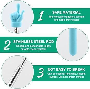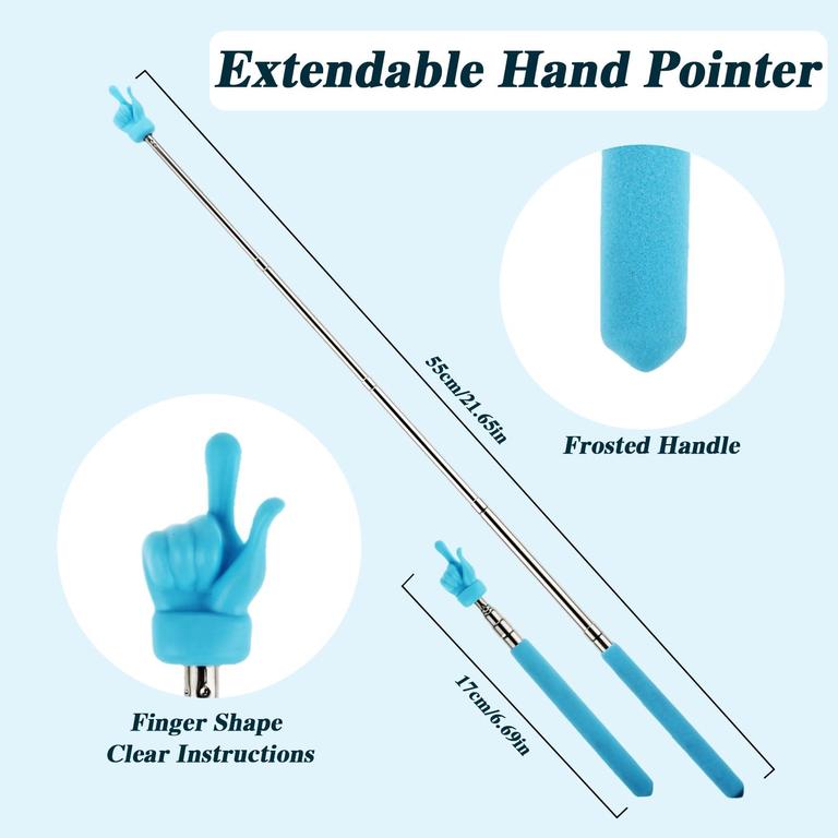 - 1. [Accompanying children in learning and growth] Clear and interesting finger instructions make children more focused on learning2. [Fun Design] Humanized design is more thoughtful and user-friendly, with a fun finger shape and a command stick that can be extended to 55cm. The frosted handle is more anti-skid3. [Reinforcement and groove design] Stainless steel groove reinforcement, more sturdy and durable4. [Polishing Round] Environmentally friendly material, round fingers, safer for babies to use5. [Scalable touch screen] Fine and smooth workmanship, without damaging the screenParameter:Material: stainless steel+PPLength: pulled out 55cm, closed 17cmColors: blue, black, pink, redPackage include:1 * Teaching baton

----------

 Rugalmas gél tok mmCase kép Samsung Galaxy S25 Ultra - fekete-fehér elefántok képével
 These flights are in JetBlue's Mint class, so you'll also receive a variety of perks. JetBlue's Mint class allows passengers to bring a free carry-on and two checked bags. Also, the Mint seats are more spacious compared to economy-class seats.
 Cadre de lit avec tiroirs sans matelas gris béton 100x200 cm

----------

Look in the material above for the line with "These flights are" and the line with "Cadre de lit", and transcribe exactly those lines and all lines between them, nothing more.

» **TASK RESULT**
 These flights are in JetBlue's Mint class, so you'll also receive a variety of perks. JetBlue's Mint class allows passengers to bring a free carry-on and two checked bags. Also, the Mint seats are more spacious compared to economy-class seats.
 Cadre de lit avec tiroirs sans matelas gris béton 100x200 cm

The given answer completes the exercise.